======== Record excerpts

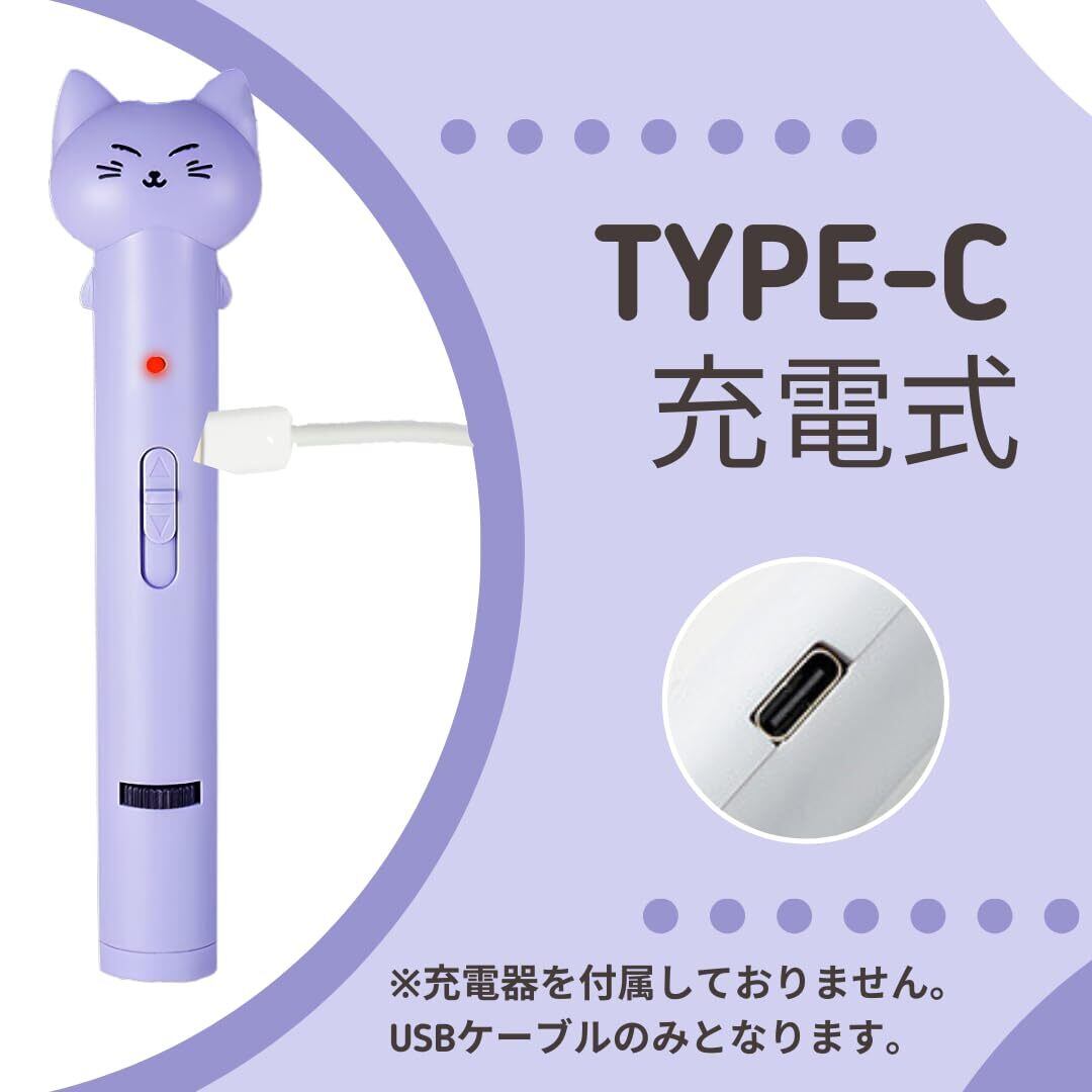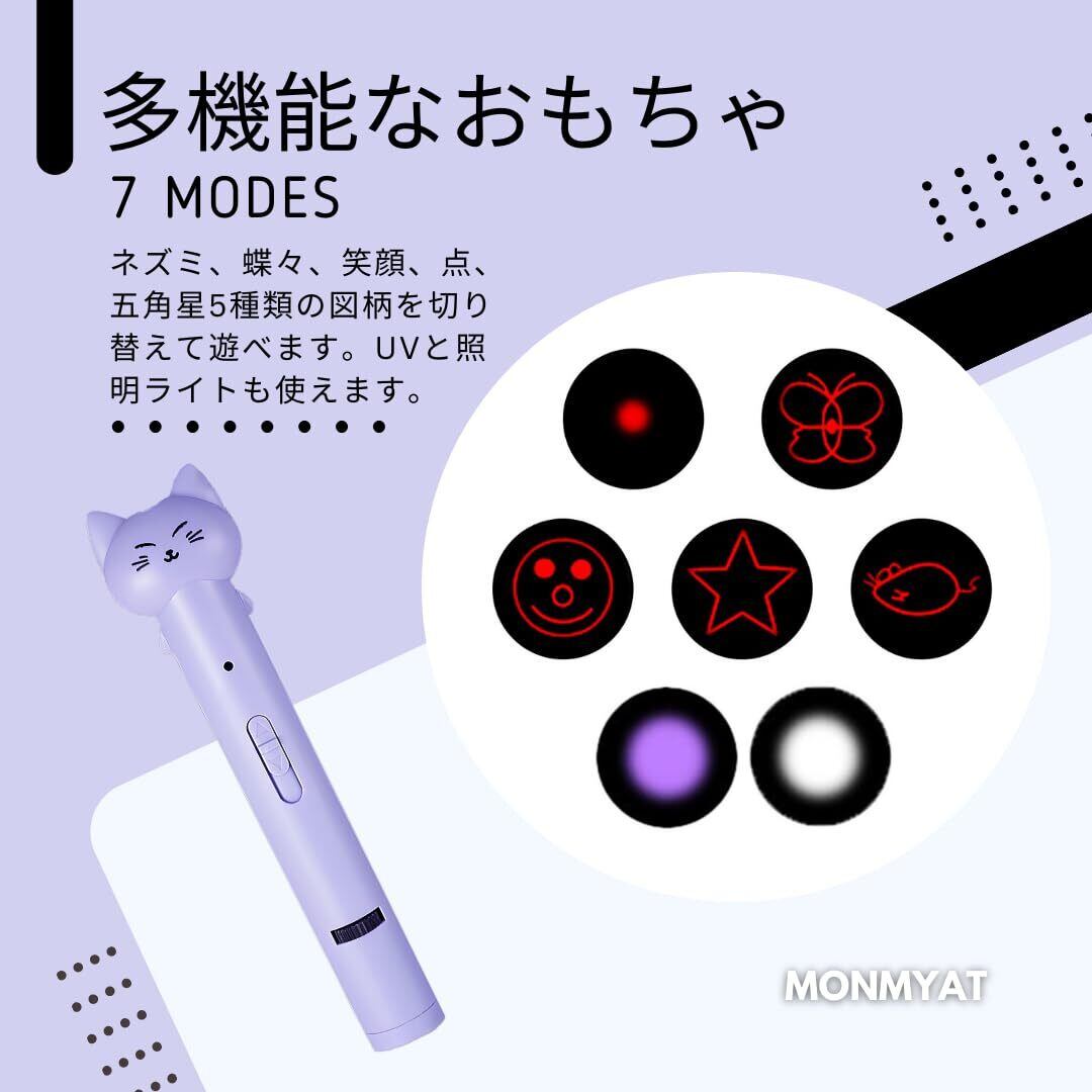 MonMyat 猫おもちゃ【愛猫の運動不足とストレス解消】 【電池不要の充電式】【日本語説明書同梱】LEDポインター 光るおもちゃ 猫 ポインター ねこじゃらし USBタイプ 便利 ポケット入れる可能 パープル
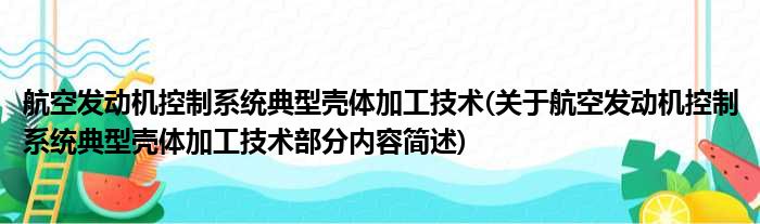 航空发动机控制系统典型壳体加工技术(关于航空发动机控制系统典型壳体加工技术部分内容简述)
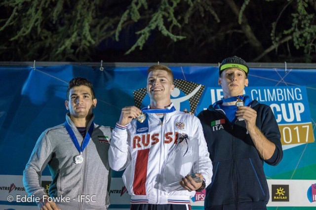 У мужчин первое место занял победитель этапа Кубка мира (2017) в Чунцине в скорости Владислав Деулин (Свердловская область, г.Екатеринбург, СДЮСШОР горных видов спорта, УрФУ). В решающем забеге он оказался быстрее рекордсмена мира иранца Резы Алипуршеназандифара. Для Владислава это уже пятая награда на этапах КМ, и четвертая в сезоне-2017.
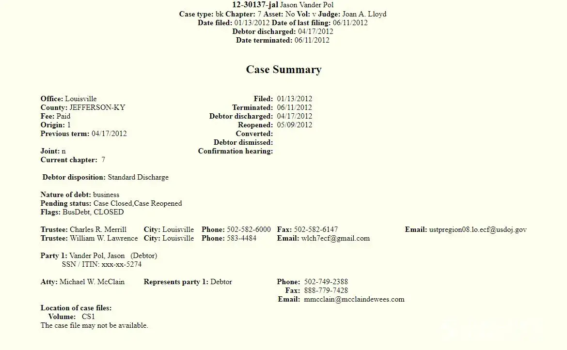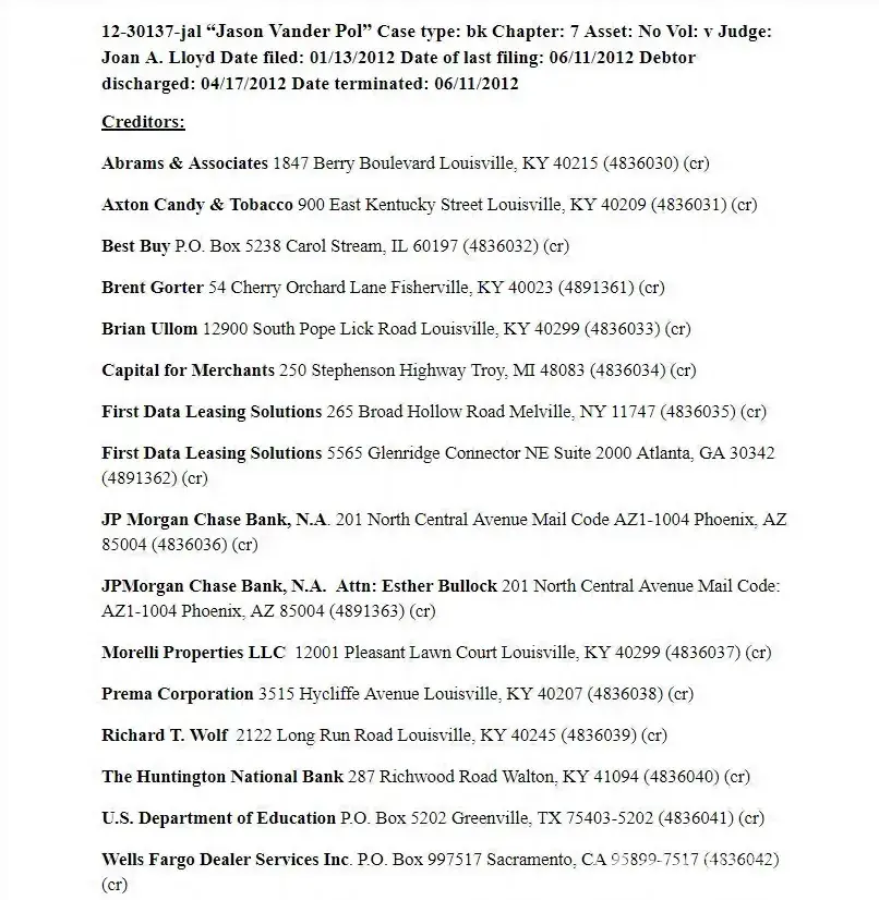 Mr. Vander Pol has no credibility in giving financial advice. He had Bankruptcy Issues that totaled $89, 824.38. This information is PUBLIC COURT RECORD and is unaltered. 12-30137-jal "Jason Vander Pol"​ Case type: bk Chapter: 7 Asset: No Vol: v Judge: Joan A. Lloyd Date filed: 01/13/2012 Date of last filing: 06/11/2012 Debtor discharged: 04/17/2012 Date...
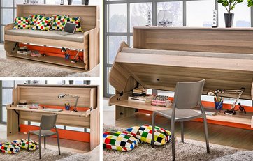 Hvis du ønsker at kombinere hjemmekontor og gæsteværelse, eller har et børneværelset i den mindre ende af skalaen, kan en vægseng med indbygget skrivebord være et fornuftigt valg. Skrivebordet forbliver i vandret position, når sengen slås ud, så du behøver ikke at pakke dine ting sammen, når det er tid til at tælle får.
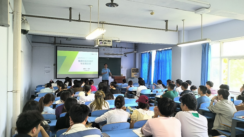 5月14日上午,我校杰出校友、郑氏化工市场部经理、校外实践教学基地导师冯洋老师走进大学生课堂,为中文成人视频 21级应化专业学生做了关于“植物生长调节剂的现状与发展趋势”的讲座,他结合工作经历和公司实践,生动地向同学们讲解了植调剂的概念、分类、作用机制、市场应用和发展趋势,还赠送了专业书籍,并鼓励同学们积极追踪技术前沿、勇于科技创新、学好专业知识,为国家经济建设和科技发展贡献力量。
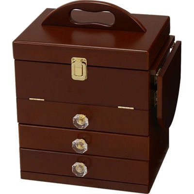 ●クリスタル型の取っ手が可愛い!三面鏡がついた大容量のコスメボックス。サイドにバタフライ式のミニテーブルも付いています。
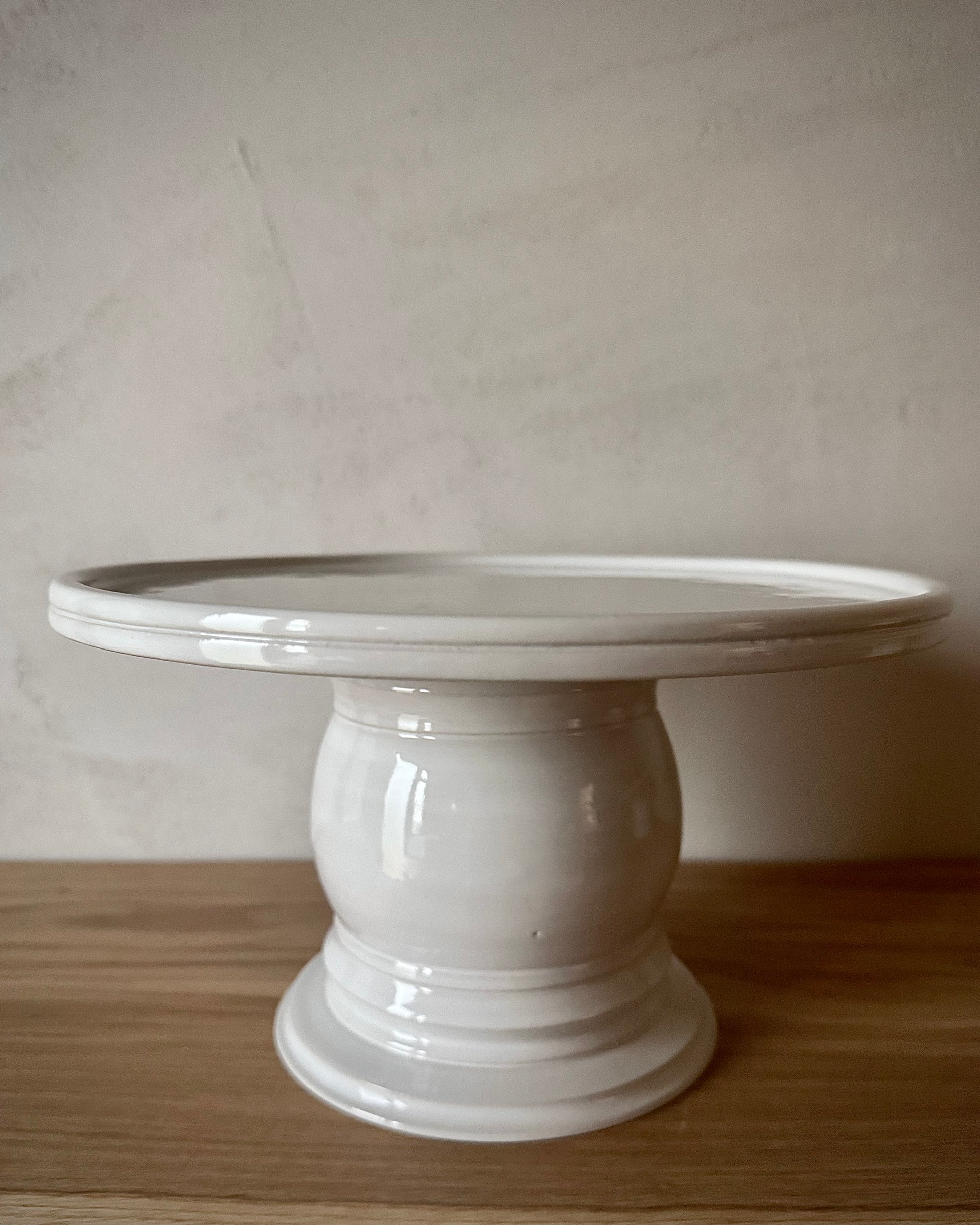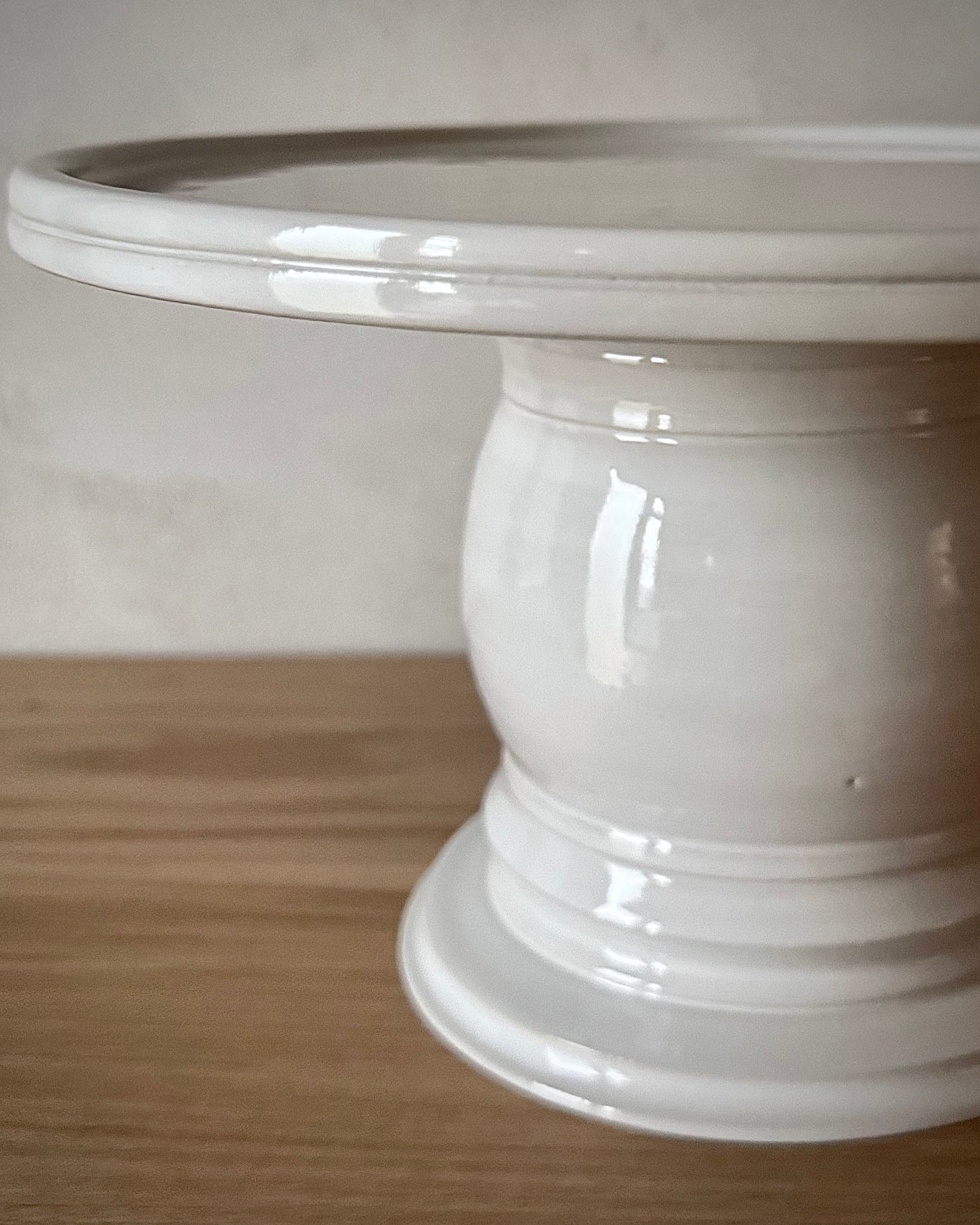 Handrenndur diskur á fæti úr hvítum steinleir með hvítum glerungi.

================

Exercise> Print exactly the lines from the first line of the records above through the line containing "У мужчин первое", leaving out the pictures.

Written solution>
 MonMyat 猫おもちゃ【愛猫の運動不足とストレス解消】 【電池不要の充電式】【日本語説明書同梱】LEDポインター 光るおもちゃ 猫 ポインター ねこじゃらし USBタイプ 便利 ポケット入れる可能 パープル
 航空发动机控制系统典型壳体加工技术(关于航空发动机控制系统典型壳体加工技术部分内容简述)
 У мужчин первое место занял победитель этапа Кубка мира (2017) в Чунцине в скорости Владислав Деулин (Свердловская область, г.Екатеринбург, СДЮСШОР горных видов спорта, УрФУ). В решающем забеге он оказался быстрее рекордсмена мира иранца Резы Алипуршеназандифара. Для Владислава это уже пятая награда на этапах КМ, и четвертая в сезоне-2017.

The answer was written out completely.